## Goal of the exercise
Would you return exactly the lines below from the line with "The command ribbons" through the line with "ダウンシーンに関して「6ラウ", both included, and nothing else, leaving out the pictures?

## Entries shown
★ ★ ★
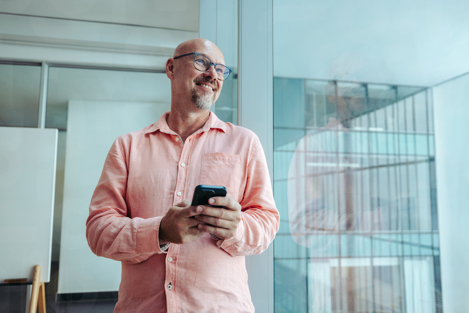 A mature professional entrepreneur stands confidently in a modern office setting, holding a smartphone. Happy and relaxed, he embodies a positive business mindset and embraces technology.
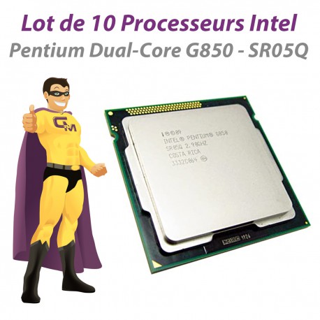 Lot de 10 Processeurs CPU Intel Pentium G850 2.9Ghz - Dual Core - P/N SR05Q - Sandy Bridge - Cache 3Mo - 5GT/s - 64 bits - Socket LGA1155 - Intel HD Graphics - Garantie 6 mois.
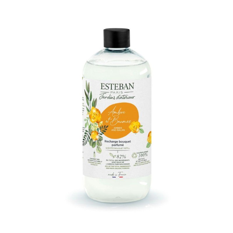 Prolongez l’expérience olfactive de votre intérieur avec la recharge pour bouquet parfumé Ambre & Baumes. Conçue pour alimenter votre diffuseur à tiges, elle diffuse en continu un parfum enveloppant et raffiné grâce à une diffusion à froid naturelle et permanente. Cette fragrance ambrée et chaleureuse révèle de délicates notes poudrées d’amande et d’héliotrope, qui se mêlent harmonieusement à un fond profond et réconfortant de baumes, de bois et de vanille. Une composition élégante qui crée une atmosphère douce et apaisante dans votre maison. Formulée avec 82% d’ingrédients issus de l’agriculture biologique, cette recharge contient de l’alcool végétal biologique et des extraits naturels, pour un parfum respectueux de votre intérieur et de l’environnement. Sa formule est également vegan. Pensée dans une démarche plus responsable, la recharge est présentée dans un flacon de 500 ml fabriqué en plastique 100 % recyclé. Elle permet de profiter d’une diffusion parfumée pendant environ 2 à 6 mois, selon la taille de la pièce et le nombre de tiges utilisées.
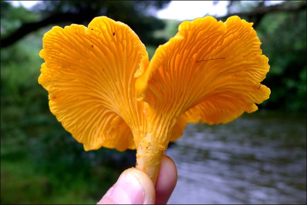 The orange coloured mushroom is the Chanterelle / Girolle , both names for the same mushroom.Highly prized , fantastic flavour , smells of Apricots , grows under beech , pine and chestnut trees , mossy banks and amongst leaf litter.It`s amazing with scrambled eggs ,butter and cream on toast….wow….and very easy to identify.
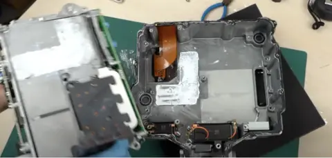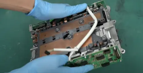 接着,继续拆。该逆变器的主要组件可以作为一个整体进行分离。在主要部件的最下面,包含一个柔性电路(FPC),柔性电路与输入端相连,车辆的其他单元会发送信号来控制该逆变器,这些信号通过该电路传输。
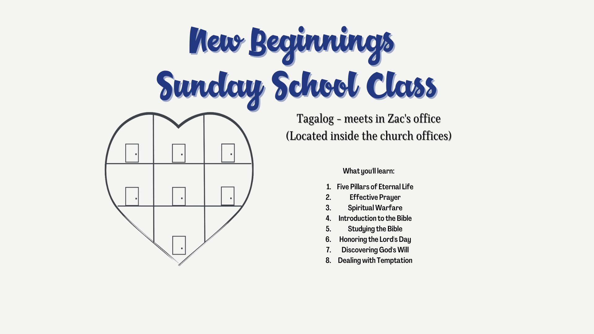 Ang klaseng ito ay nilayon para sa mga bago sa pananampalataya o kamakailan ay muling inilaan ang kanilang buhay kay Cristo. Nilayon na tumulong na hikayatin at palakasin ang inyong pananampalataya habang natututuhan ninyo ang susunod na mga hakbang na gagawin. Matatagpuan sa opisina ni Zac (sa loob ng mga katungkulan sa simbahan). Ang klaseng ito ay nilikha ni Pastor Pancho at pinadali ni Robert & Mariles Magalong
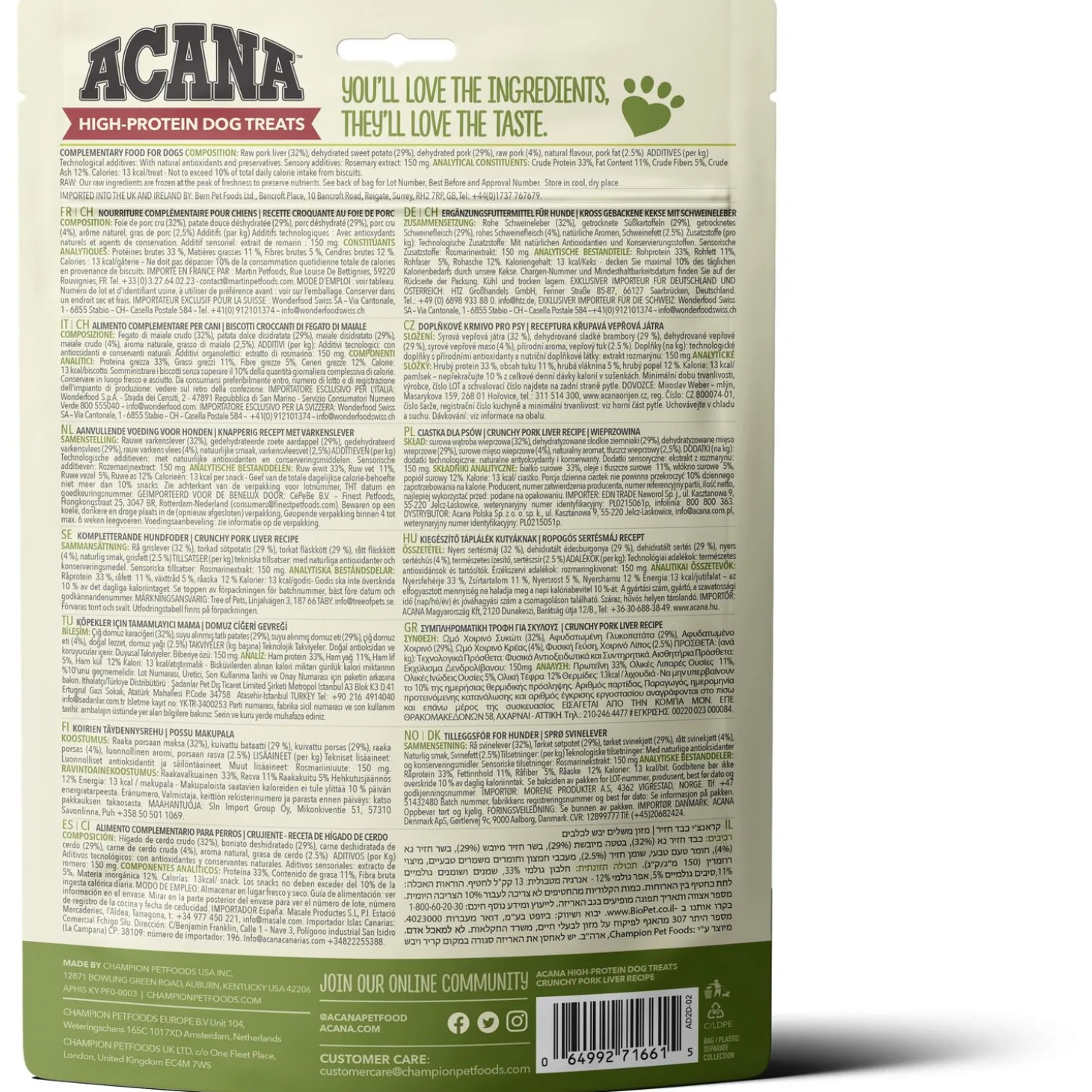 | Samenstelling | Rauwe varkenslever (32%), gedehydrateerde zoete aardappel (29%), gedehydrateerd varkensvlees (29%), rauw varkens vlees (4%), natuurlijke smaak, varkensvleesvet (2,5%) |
★ ★ ★
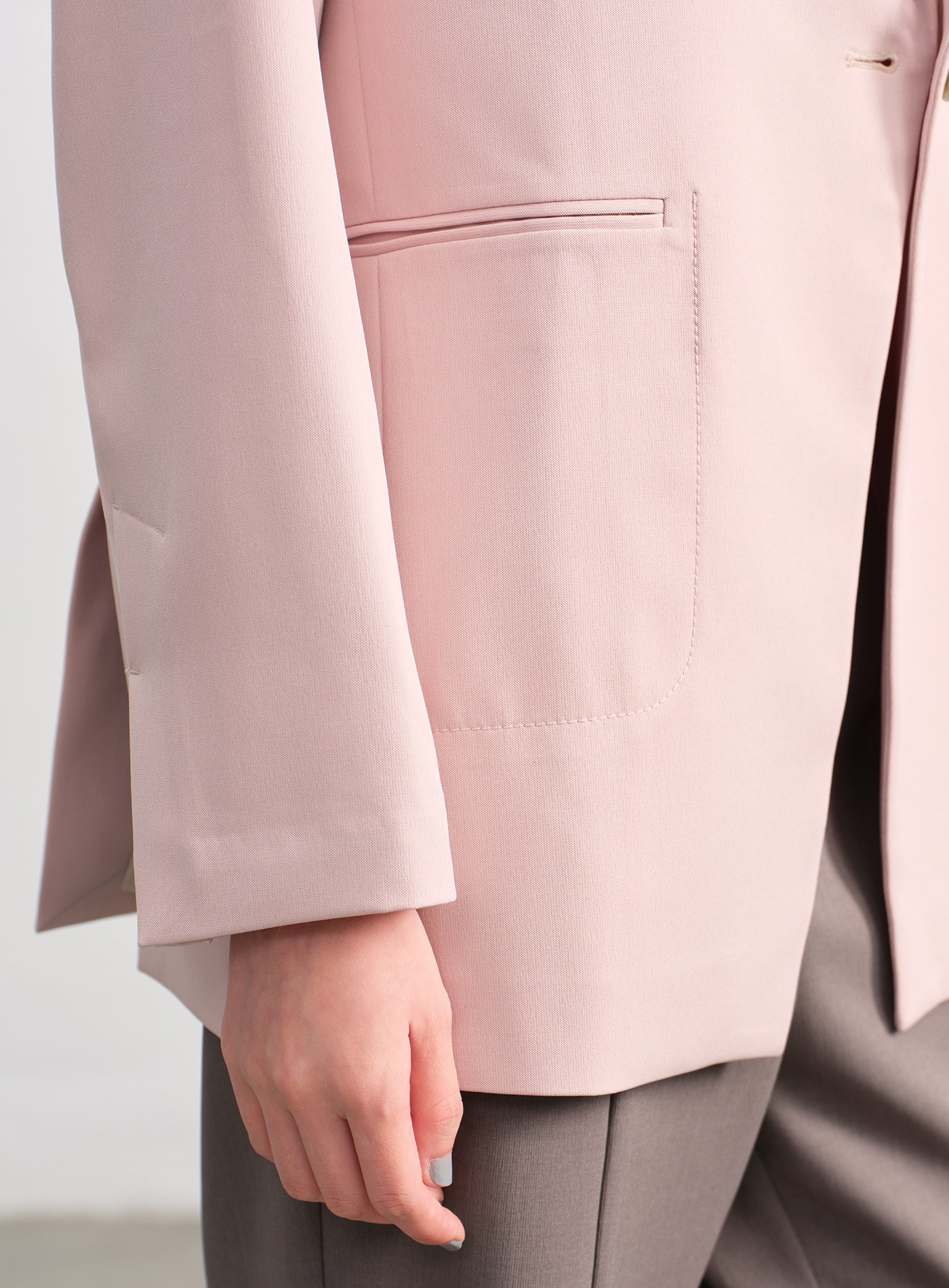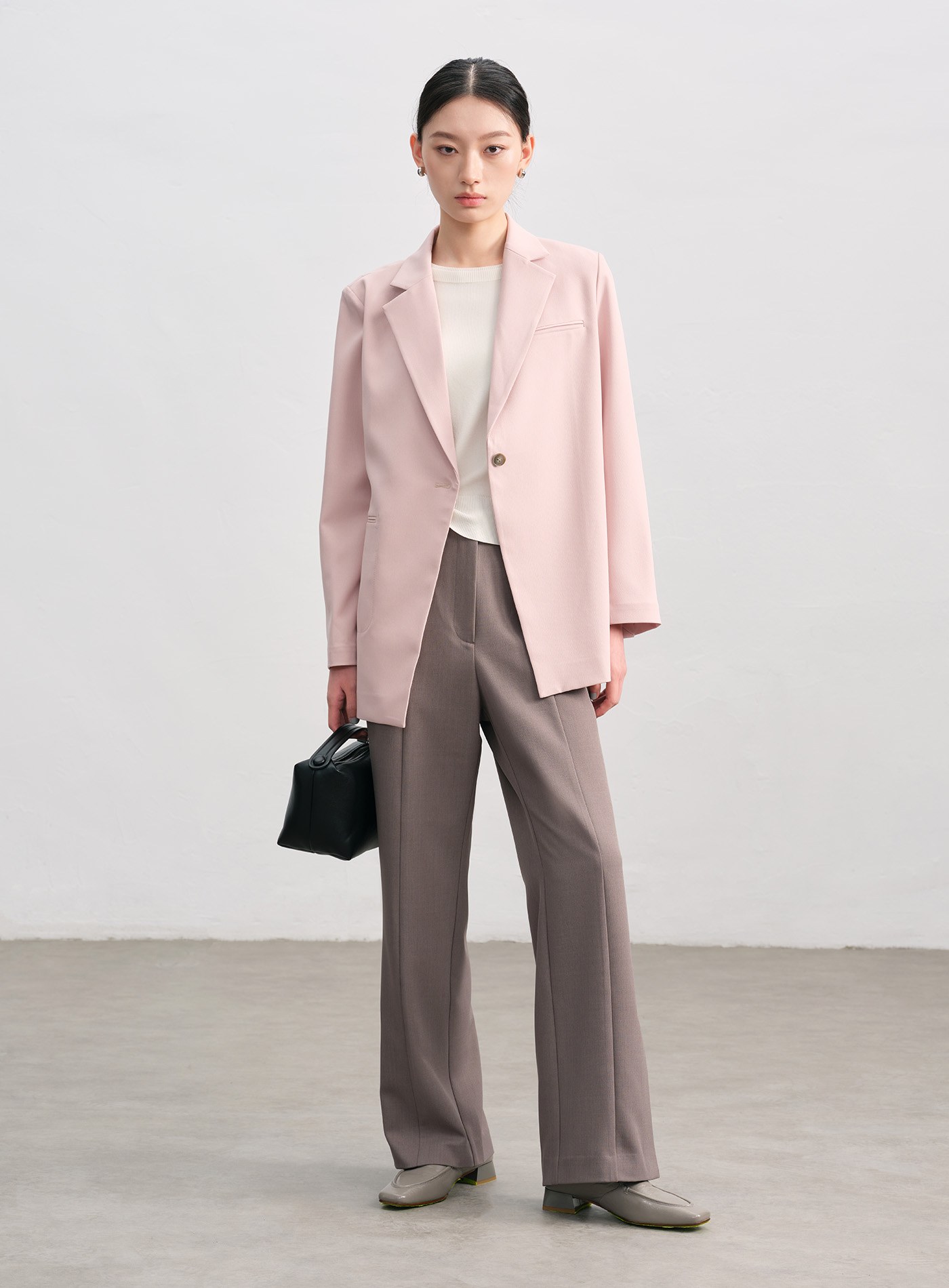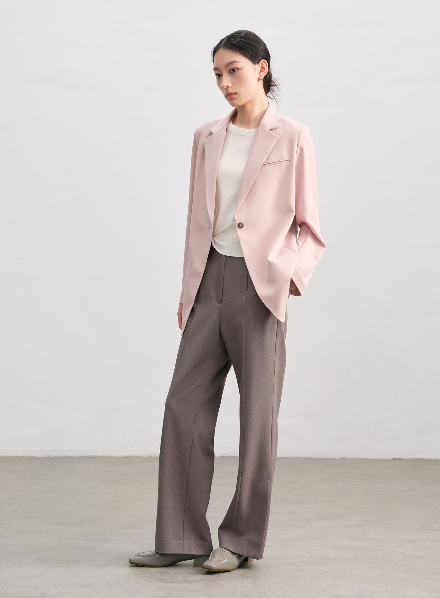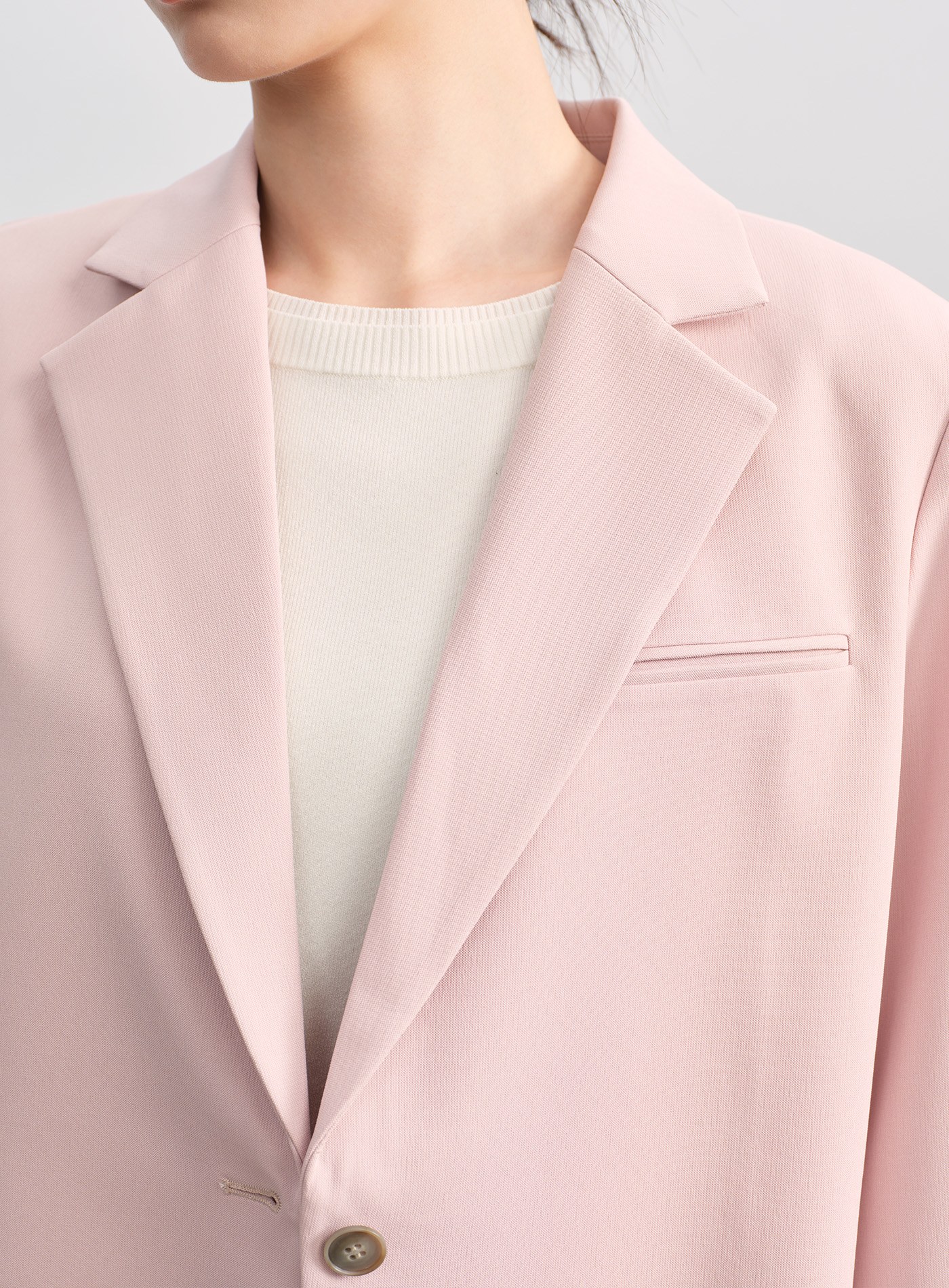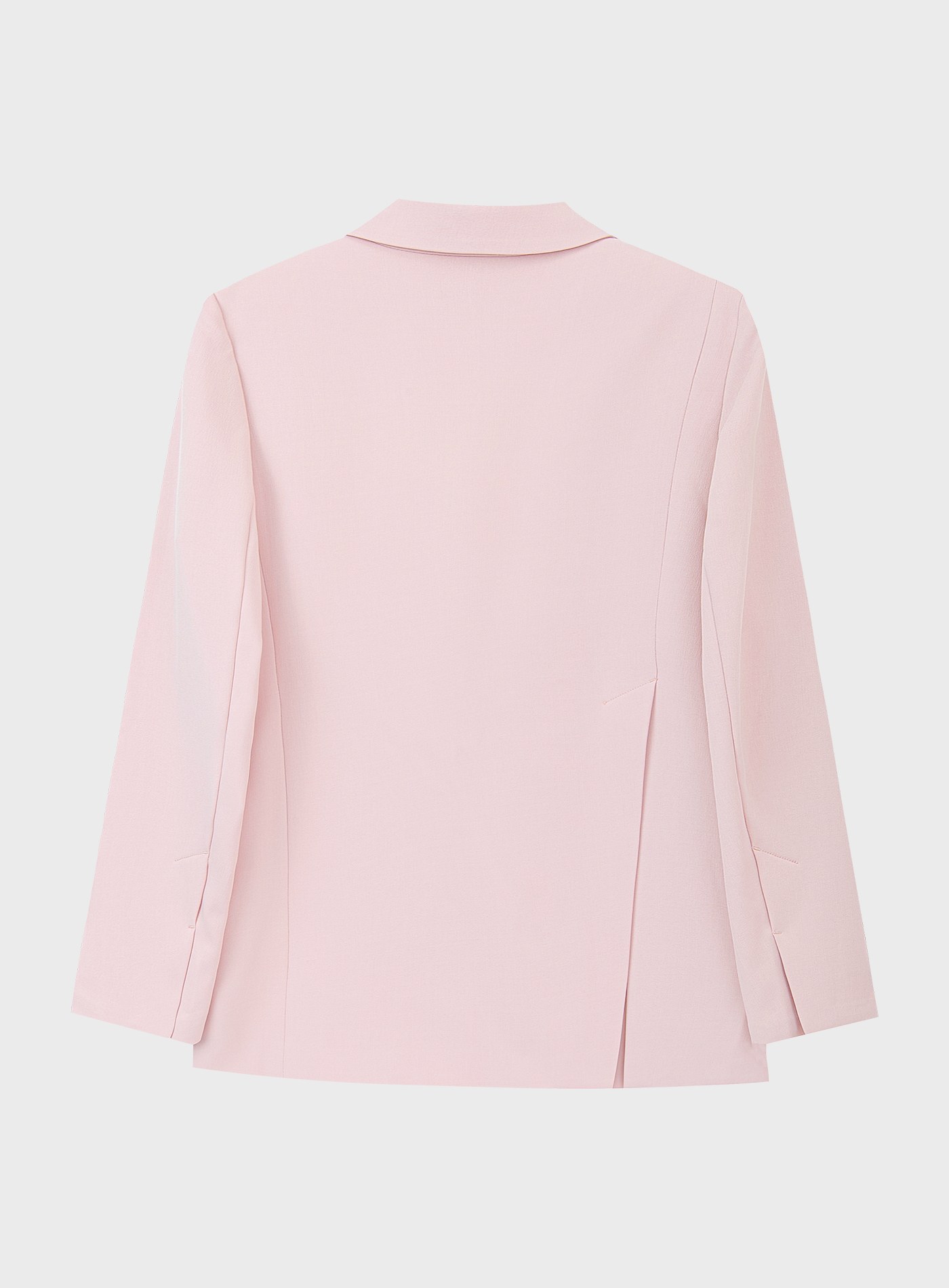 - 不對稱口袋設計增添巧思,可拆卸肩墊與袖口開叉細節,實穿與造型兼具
★ ★ ★
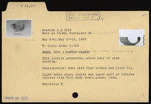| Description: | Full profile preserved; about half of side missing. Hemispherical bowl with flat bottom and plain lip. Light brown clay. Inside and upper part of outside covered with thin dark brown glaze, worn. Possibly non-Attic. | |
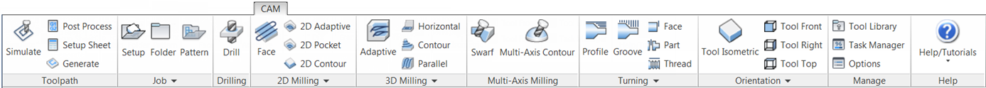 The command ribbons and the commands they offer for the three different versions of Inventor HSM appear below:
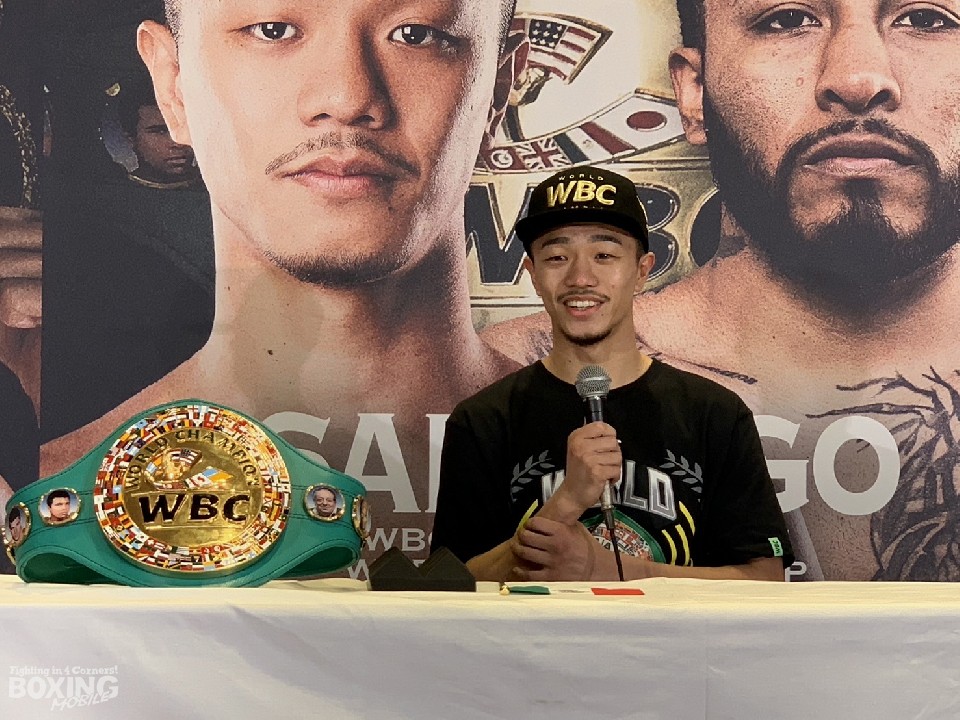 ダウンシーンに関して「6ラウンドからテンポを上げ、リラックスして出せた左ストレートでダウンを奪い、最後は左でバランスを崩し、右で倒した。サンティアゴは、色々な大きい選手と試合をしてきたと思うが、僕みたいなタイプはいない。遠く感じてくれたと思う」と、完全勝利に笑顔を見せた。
★ ★ ★
## Written response
 The command ribbons and the commands they offer for the three different versions of Inventor HSM appear below:
 ダウンシーンに関して「6ラウンドからテンポを上げ、リラックスして出せた左ストレートでダウンを奪い、最後は左でバランスを崩し、右で倒した。サンティアゴは、色々な大きい選手と試合をしてきたと思うが、僕みたいなタイプはいない。遠く感じてくれたと思う」と、完全勝利に笑顔を見せた。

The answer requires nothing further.